187 00:30:17.400 ⇒ 00:30:36.740 Aakanksha Khanna: That’s my approach for any problem, whether it’s performance, non-performance, CRM-related, growth-related, even product-related. Really, I want to pick up first on the data, look at it deeply, do as much of a deep dive as possible with whatever data I have, also account for some non-data
188 00:30:36.740 ⇒ 00:30:47.320 Aakanksha Khanna: factors that impact this data. So, say, maybe there’s a streaming error, maybe there’s a delay in the data coming in, maybe there’s seasonality factors, depending… again, depends on the industry that we’re talking about.
189 00:30:47.370 ⇒ 00:31:03.290 Aakanksha Khanna: And then incorporate those insights with this data, and then come up with, say, a very holistic solution that, hey, you know, you’re a client, you’re giving me money for giving you a solution. I will give you a solution, but this is where I’m going to start first.
190 00:31:03.470 ⇒ 00:31:11.060 Aakanksha Khanna: So that I’m not wasting the client’s time, I’m not wasting my own time, and I’m not wasting my team’s time, because it’s a very cross-functional kind of…

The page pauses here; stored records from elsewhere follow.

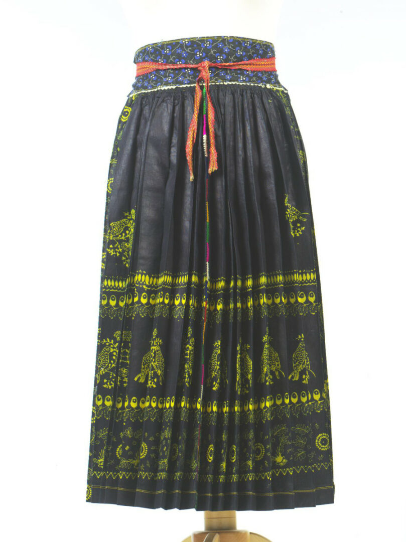 Zástera je z dvoch pôl modrotlače, ktoré sú zošité spojovacím švíkom. Použitá je hodvábna priadza. Natlačený vzor je na oboch stranách ten istý, zástera je obojstranná. V páse je nariasená. Vo švíku je vložená harasová hadovka. K obalku sú prišité harasové tkanicae na uväzovanie. Zástera je ušitá strojom.
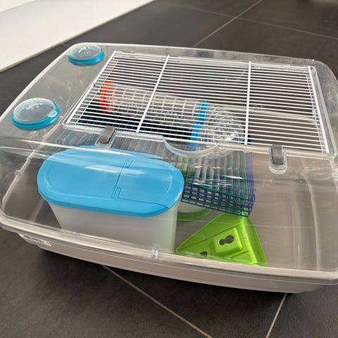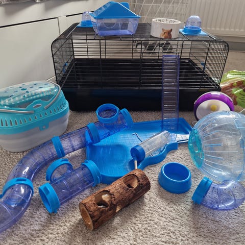 Jeg sælger mit hamster bur med tilbehør, da min dværghamster gik bort for et stykke tid siden.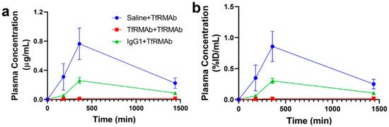 Plasma concentrations of TfRMAb in mice treated with a single 3 mg/kg TfRMAb SQ injection after chronic four-week treatment with saline, TfRMAb, or IgG1 are shown in Figure 8 and are represented in µg/mL (a) and % ID/mL (b). The Cmax of TfRMAb was 0.76 ± 0.2 µg/mL (0.86 ± 0.24% ID/mL), 0.016 ± 0.007 µg/mL (0.019 ± 0.008% ID/mL) and 0.26 ± 0.04 µg/mL (0.3 ± 0.04% ID/mL) in the saline-treated, TfRMAb-treated and IgG1-treated mice, respectively. In the mice that were chronically dosed with TfRMAb and IgG1, the AUC (0–24) of TfRMAb was 97% lower (p < 0.01) and 66% lower (p < 0.01), respectively, than that in the mice chronically dosed with saline (Table 2). The apparent clearance of TfRMAb in mice chronically dosed with IgG1 or TfRMAb was 130% (p < 0.05) and 5300% (p = 0.09) higher, respectively, than the clearance of TfRMAb in mice chronically treated with saline (Table 2).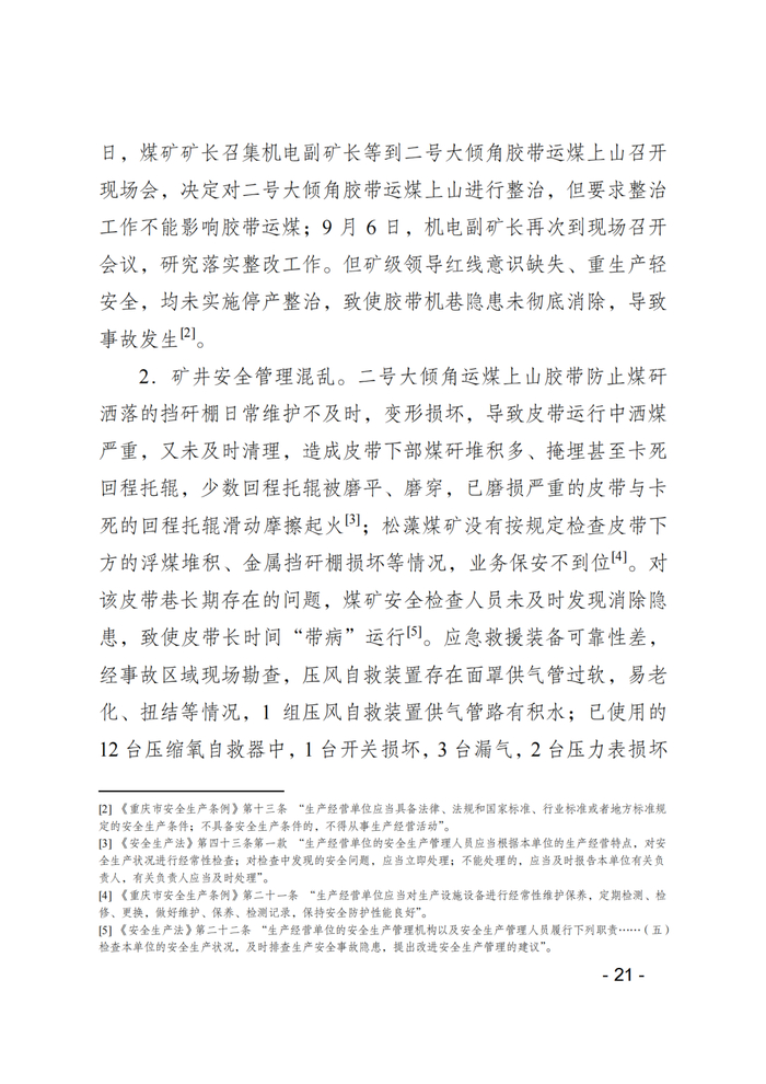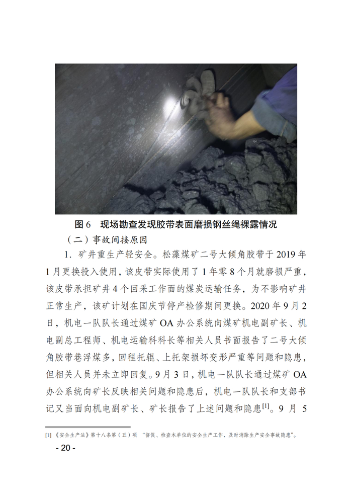 1.矿井重生产轻安全。松藻煤矿二号大倾角胶带于2019年1月更换投入使用,该皮带实际使用了1年零8个月就磨损严重,该皮带承担矿井4个回采工作面的煤炭运输任务,为不影响矿井正常生产,该矿计划在国庆节停产检修期间更换。2020年9月2日,机电一队队长通过煤矿OA办公系统向煤矿机电副矿长、机电副总工程师、机电运输科科长等相关人员书面报告了二号大倾角胶带巷浮煤多,回程托辊、上托架损坏变形严重等问题和隐患,但相关人员并未立即回复。9月3日,机电一队队长通过煤矿OA办公系统向矿长反映相关问题和隐患后,机电一队队长和支部书记又当面向机电副矿长、矿长报告了上述问题和隐患。9月5日,煤矿矿长召集机电副矿长等到二号大倾角胶带运煤上山召开现场会,决定对二号大倾角胶带运煤上山进行整治,但要求整治工作不能影响胶带运煤;9月6日,机电副矿长再次到现场召开会议,研究落实整改工作。但矿级领导红线意识缺失、重生产轻安全,均未实施停产整治,致使胶带机巷隐患未彻底消除,导致事故发生。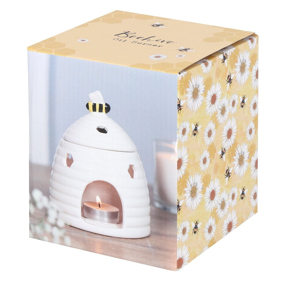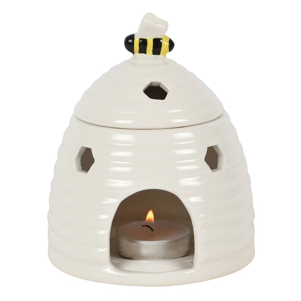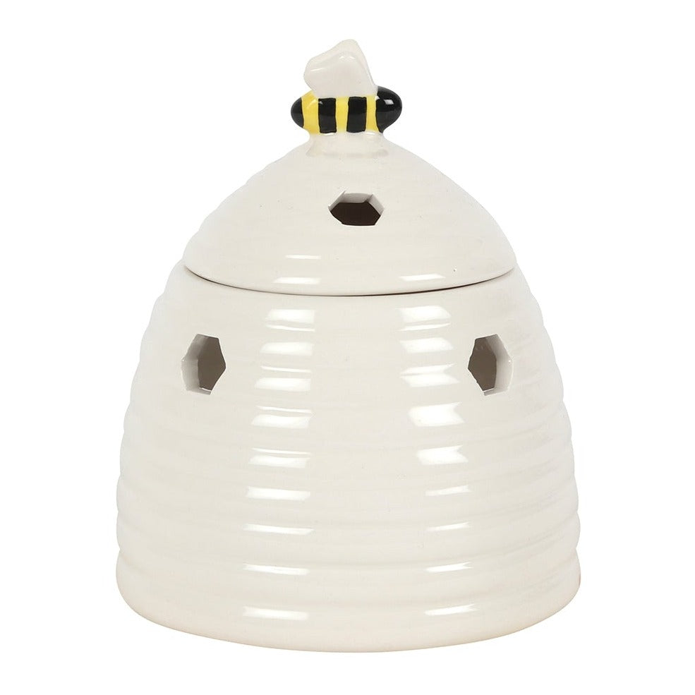This ceramic oil burner and wax warmer comes in the shape of an adorable white beehive with a sweet bee on the lid. Honeycomb-shaped cutouts finish off this unique style. Compatible with both fragrance oils and wax melts. Do not use more than one tealight and remove lid when in use.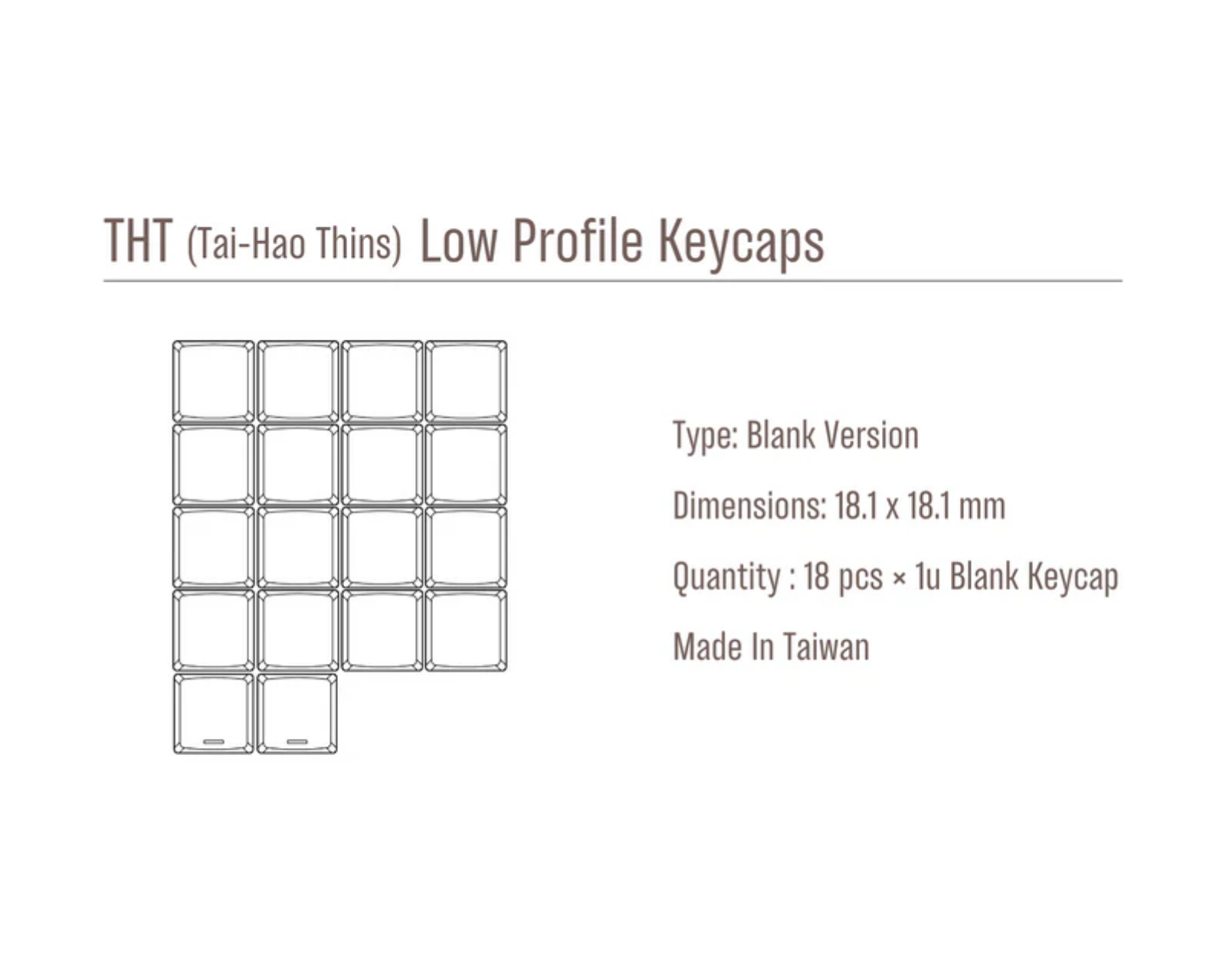 Low-profile keycaps är ett set med 18 stycken blank keycaps från Tai-Hao, tillverkat i PBT-material. Setet innehåller 16 keycaps samt 2 bonusnycklar och är designat för användning med Choc V1-switchar. Keycapsen har en THCS-profil och måtten är 16,5 × 17,5 mm. Det specifika PBT-materialet ger hög hållbarhet och slitagebeständighet, vilket är särskilt viktigt för gamers som söker långvarig prestanda.Den låga profilen bidrar till en ergonomisk skrivupplevelse, medan de tysta tangenttryckningarna minimerar ljudnivån. Den minimalistiska designen utan märkningar ger en stilren estetik som passar olika setup-konfigurationer.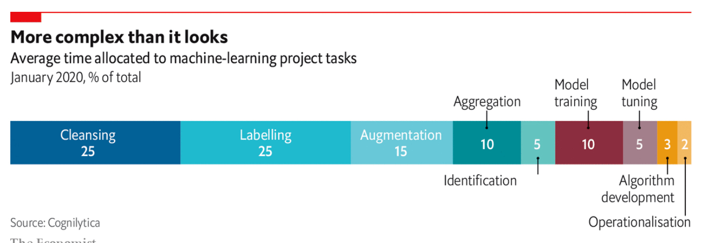 Según Cognilytica, una consultora especializada en IA, transformar los datos “crudos” en datos aptos para el sistema consume 80% del tiempo de los proyectos de IA. Para entrenar un sistema de aprendizaje automático se requiere del etiquetado de ejemplos, generalmente hecho por seres humanos. Generalmente, las grandes compañías de tecnología hacen este trabajo de forma interna, mientras que las compañías que carecen de los recursos o la experiencia requerida recurren a contratistas externos para realizar estas tareas. La compañía china MBH, por ejemplo, emplea a más de 300 000 personas para etiquetar imágenes de rostros, o escenas callejeras o radiografías médicas, para que estas puedan ser procesadas por las computadoras. Mechanical Turk, una subdivisión de Amazon, conecta a empresas con un ejército de trabajadores eventuales a quienes se le paga a destajo para realizar estas tareas.

191 00:31:11.390 ⇒ 00:31:16.620 Aakanksha Khanna: collaboration that I would have to do, when it comes to solving any kind of complex problem.
192 00:31:16.920 ⇒ 00:31:21.789 Aakanksha Khanna: That’s… that’s probably my approach, and I think that’s… so far, that’s… that’s what’s worked for me.
193 00:31:22.390 ⇒ 00:31:33.949 Greg Stoutenburg: Yeah, great, great. Yeah, good to hear. Well, thank you for this, I really appreciate the time. So I’ll, you know, get back with the team, and then, whoever’s been handling communication with you will… will reach out.
194 00:31:34.830 ⇒ 00:31:44.560 Aakanksha Khanna: For sure, Greg. Thanks so much for the time. I wish we could have more time to talk more. I’d love to know about your background and, you know, your time with Brainforge, but maybe that’s for another time.
195 00:31:44.560 ⇒ 00:31:48.770 Greg Stoutenburg: Yeah, some other time. Yeah. Well, thank you very much. Great to meet you.
196 00:31:49.180 ⇒ 00:31:51.119 Aakanksha Khanna: Thanks, Craig. Take care. Take care.
197 00:31:51.120 ⇒ 00:31:52.360 Greg Stoutenburg: Take care. Bye.